Staff AI Engineer
Responsibilities
- Own end-to-end delivery of AI-powered products — from problem framing and architecture through implementation, deployment, and production operations
- Design, build, and ship full-stack systems: frontend, backend APIs, data layers, and AI/ML services — not just models or prompts
- Take a product from idea to production independently: design APIs, build UIs, wire data flows, integrate models, and operate the system
- Build and productionize LLM / GenAI features (RAG, agents, tool-calling, evaluation, guardrails) and integrate them into real user-facing applications
- Design scalable application and model-serving architectures that are reliable, observable, and cost-aware
- Own data pipelines, retrieval, embeddings, and evaluation loops so AI features stay accurate and measurable in production
- Work across the stack as needed — React/Next (or equivalent), Node/Python/Go services, databases, queues, cloud, and CI/CD — without waiting on a specialist for every layer
- Partner with product, design, and engineering to turn ambiguous problems into shipped features
- Review code, raise the bar on system design, and mentor engineers on both AI and full-stack practices
- Establish engineering standards for AI quality, evaluation, security, and release confidence
- Debug production issues across the full path: UI, API, infra, data, and model behavior
Requirements
- 15+ years of software engineering, with recent hands-on ownership of production systems
- Proven full-stack depth: can design and implement frontend, backend, APIs, data stores, and cloud infrastructure — not limited to AI-only work
- Hands-on with AI-assisted development tools (Cursor, GitHub Copilot, and similar) as part of day-to-day engineering
- Hands-on experience shipping LLM / GenAI or ML systems in production (RAG, agents, fine-tuning, evaluation, or equivalent)
- Comfortable choosing and using the right stack for the problem (e.g.

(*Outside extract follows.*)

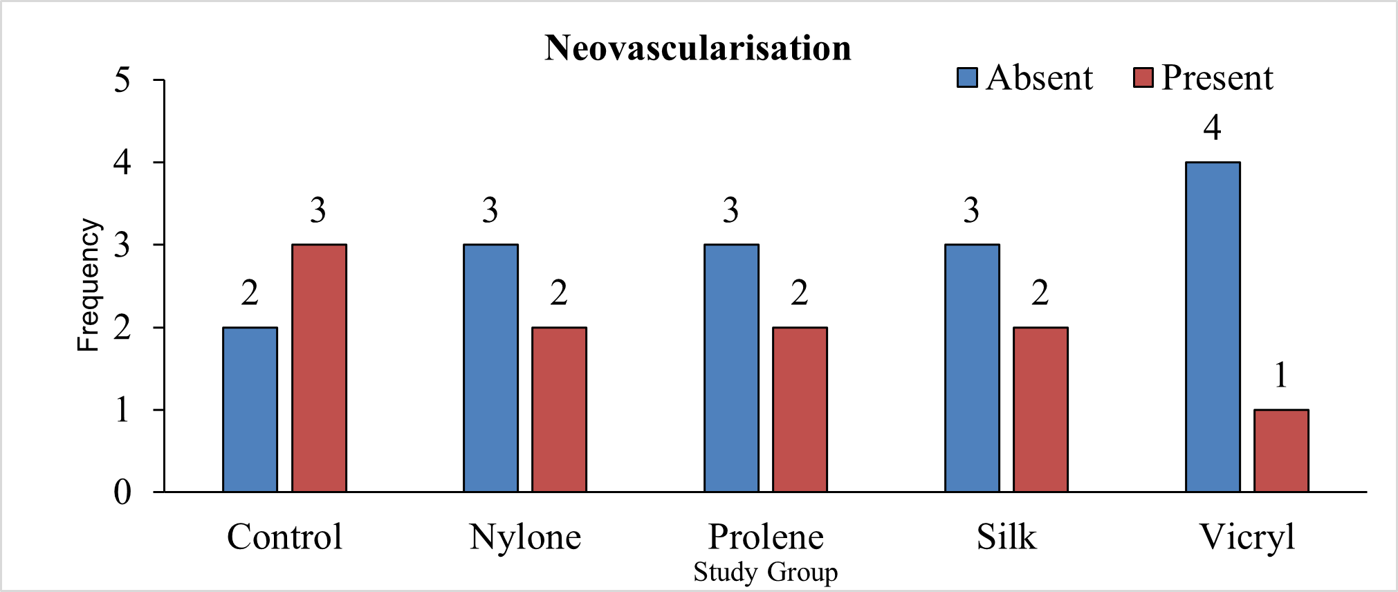 Neo vascularization, an essential component of wound healing, was observed in all groups. Vicryl group exhibited 80% of animals without neovascularisation and 20% with neovascularisation. In the control group, 40% of animals showed no neovascularisation, however, was seen in 60% (Figure 22). The nylone, prolene, and silk groups each had 60% of animals without neovascularisation and 40% with neovascularisation. However, these variations were not statistically significant (P=0.797) (Tables 9 and 10).

TypeScript/Python, React or similar, REST/GraphQL, SQL/NoSQL, queues, object storage)
- Experience with CI/CD, distributed systems, and production debugging
- Strong ownership: can take an ambiguous brief and deliver a working product end to end
- Clear communication and the ability to work with product, design, and other engineers without hand-holding
Qualifications
- Degree in Computer Science / Engineering or equivalent practical experience
- Hands-on engineer with a production-level coding mindset — writes, reviews, and ships code
- Track record of building scalable, reliable systems, not just prototypes or notebooks
- Good documentation and collaboration skills
- Bias toward owning the whole problem: product, architecture, implementation, and operations.
Perks:
- Day off on the 3rd Friday of every month (one long weekend each month)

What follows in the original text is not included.